The last tool used in this research will be drawn from my own participant observations gained from my position at the Centre for Independent Living in Toronto, (CILT) a disabled consumer organization. As program coordinator for an Attendant Services database for Supportive Housing and Outreach Attendant Care (9) I communicate daily with persons with disabilities, their family members, the Ministry of Health and Long-Term Care, social workers and community organizations. Including my work experiences will complement and enhance the responses made by the interview participants and will contribute additional evidence to the argument that ODSP recipients are greatly limited in their ability to participate in our society.


(1) ODSP provides income support and employment supports to people over the age of 18.

(2) The Ontarians with Disability Act (ODA) would force businesses and public spaces to become accessible, would improve accessibility of transportation systems and would create improved access to employment and educational opportunities for PWDs. For a detailed description of the ODA, please refer to "Making Ontario Open for People with Disabilities: A Blueprint for a Strong and Effective Ontarians with Disabilities Act", ODA, April 22, 1998

(3) Federal, Provincial and Territorial Advisory Committee on Population Health. Towards a Healthy Future: Second Report on the Health of Canadians, Ottawa: Health Canada, 1999. 20.

(4) Richard Shillington, "Adding Social Condition to the Canadian Human Rights Act: Some Issues" Canadian Human Rights Act Review, Ottawa: Canadian Human Rights Act Review, 2000.

(5) Gail Fawcett, Living with Disability in Canada: An Economic Portrait (Quebec: Office for Disability Issues, 1996) 11.

(6) Fawcett, 19.

(7) Debbie Moretta, Personal Letter, 12 July. 2001.

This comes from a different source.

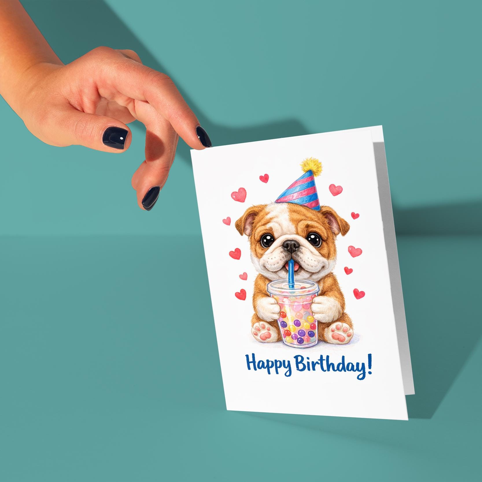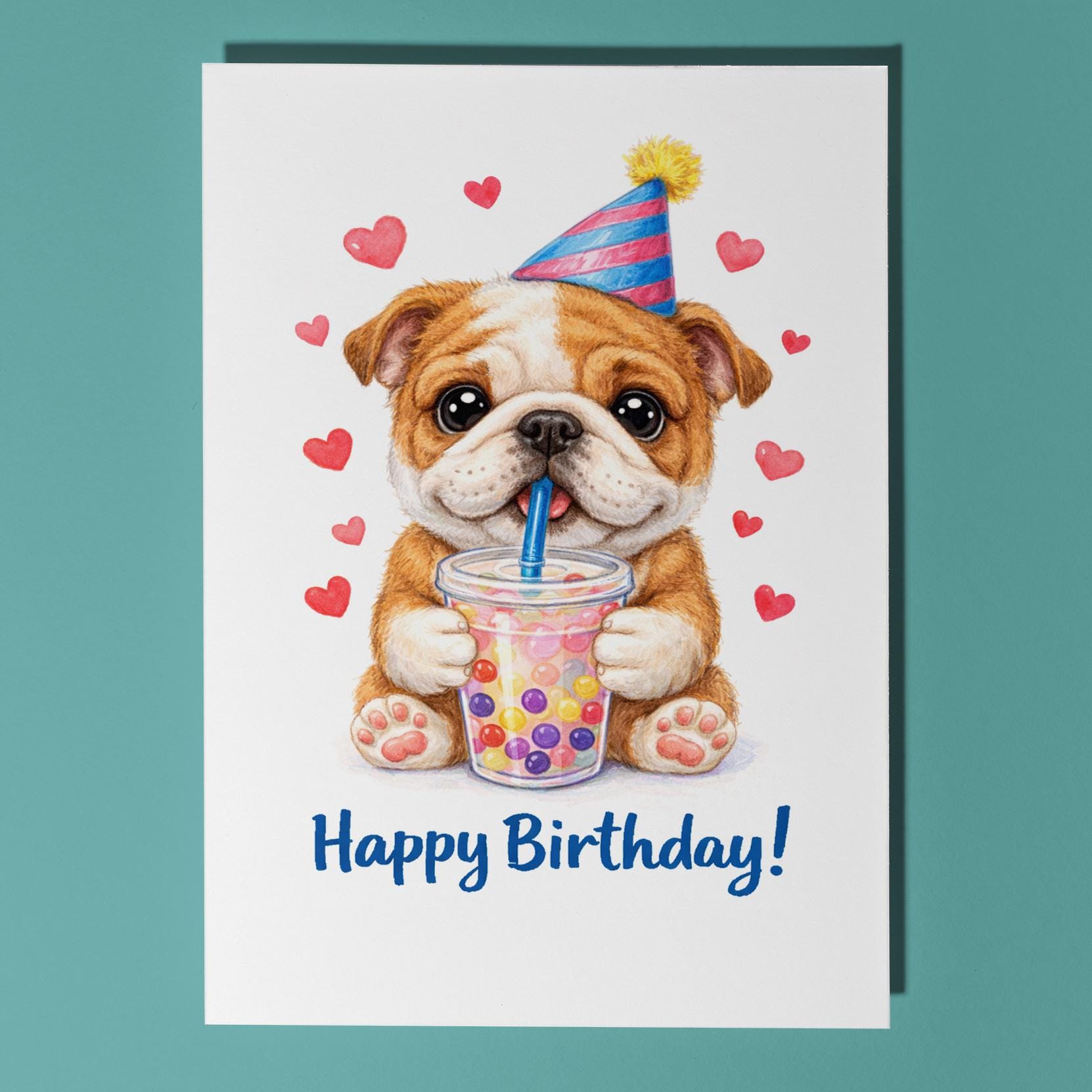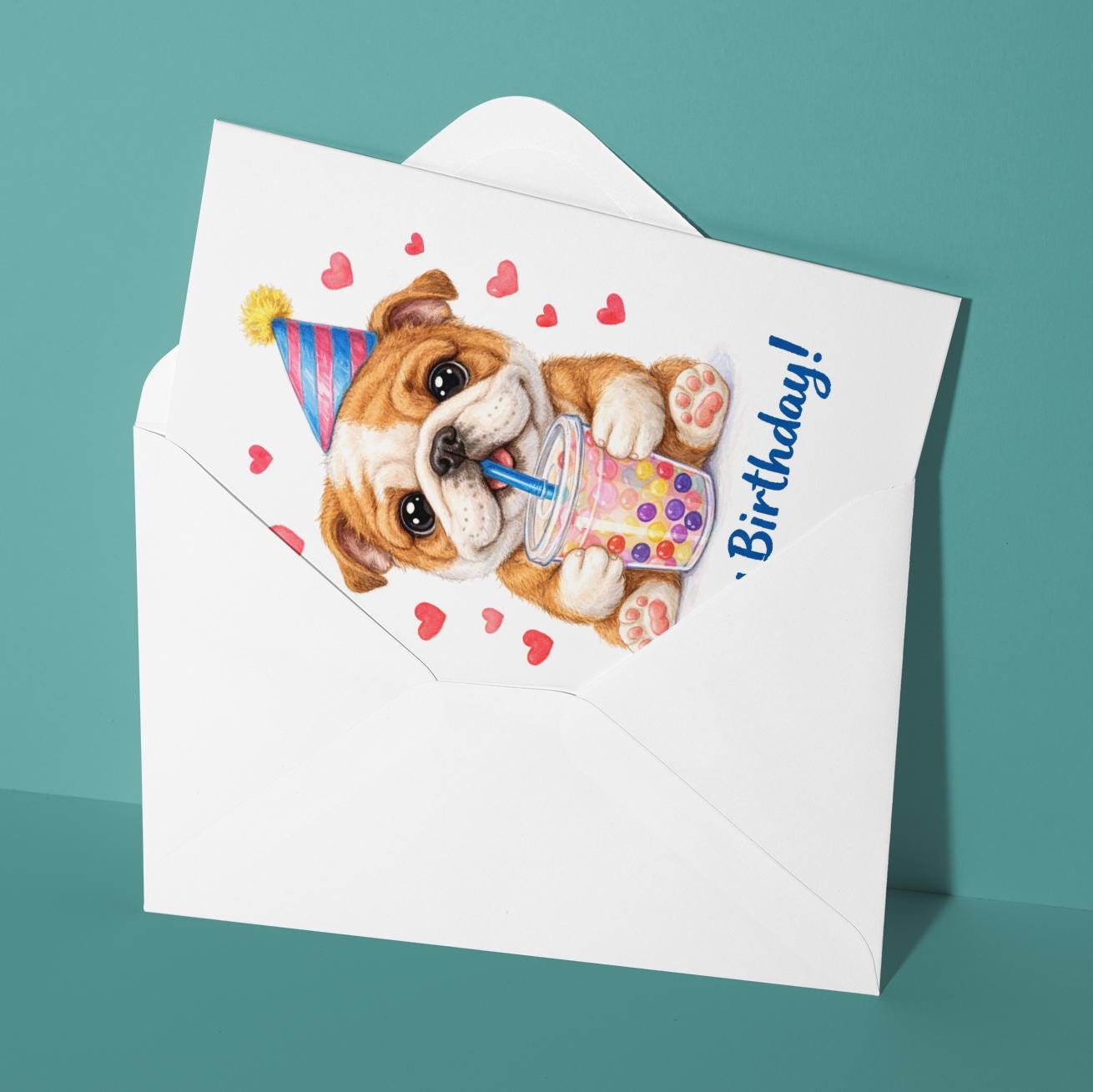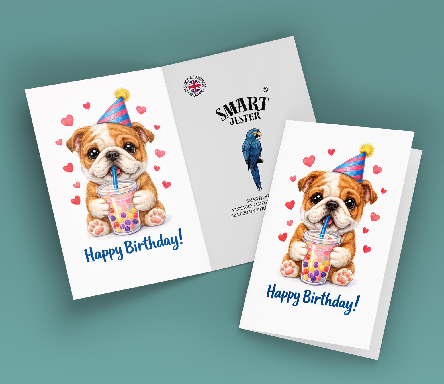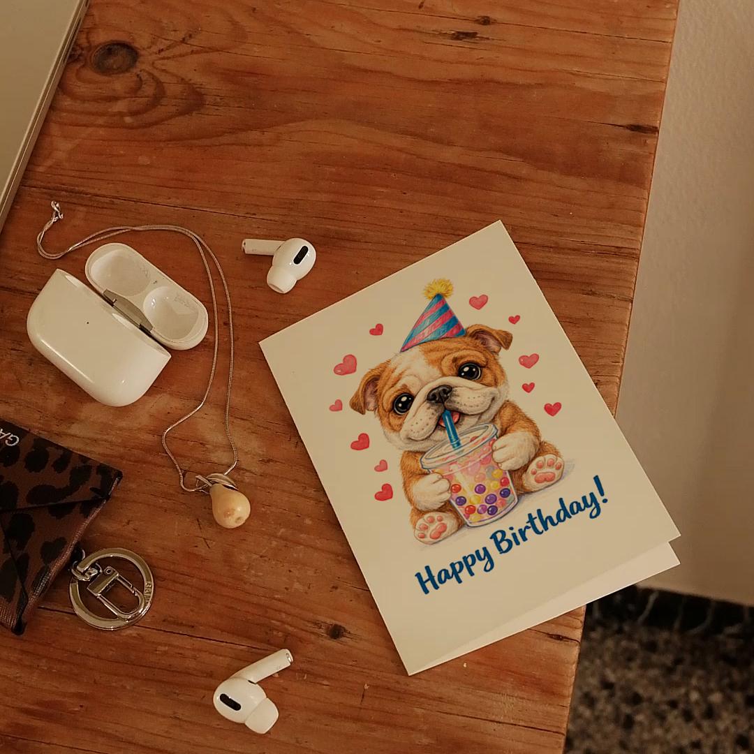 BLANK INTERIOR FOR A PERSONAL TOUCH: Our Kawaii Art Series - Bulldog puppy: Sweet Boba Sip Bubble Tea - Happy Birthday! card and other whimsical designs feature a blank interior, giving you ample space to write a personal message from the heart. Perfect for any occasion, each card comes with a matching white envelope, making it easy to send your unique sentiments to loved ones.
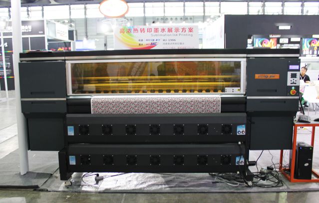 “鴻美”高濃熱轉印墨水配套四個5113噴頭HJ-1906高速數碼印花機,高速度可達150㎡/h,針對超薄熱轉印紙,有效降低紙張成本。墨水轉印效果佳。而此款墨水同樣早已在2013年入選第七批中國印染協會節能減排先進目錄。

(8) Ministry of Community and Social Services, Ontario Disability Support Program Act, 1997 Chapter 25. Section 1. (Toronto: Ontario Publications, February 5, 1999)

(9) Attendant services assist individuals with physical disabilities by providing physical assistance in completing activities of daily living. In effect, the attendants become the "arms and legs" of the PWD. Supportive Housing projects are apartments that are integrated into regular apartment buildings, and Attendant services are provided on a scheduled and on-call 24-hour basis. Outreach attendant services are offered in the individual's home on a scheduled basis. Attendant services are funded though the Ministry of Health and Long-Term Care.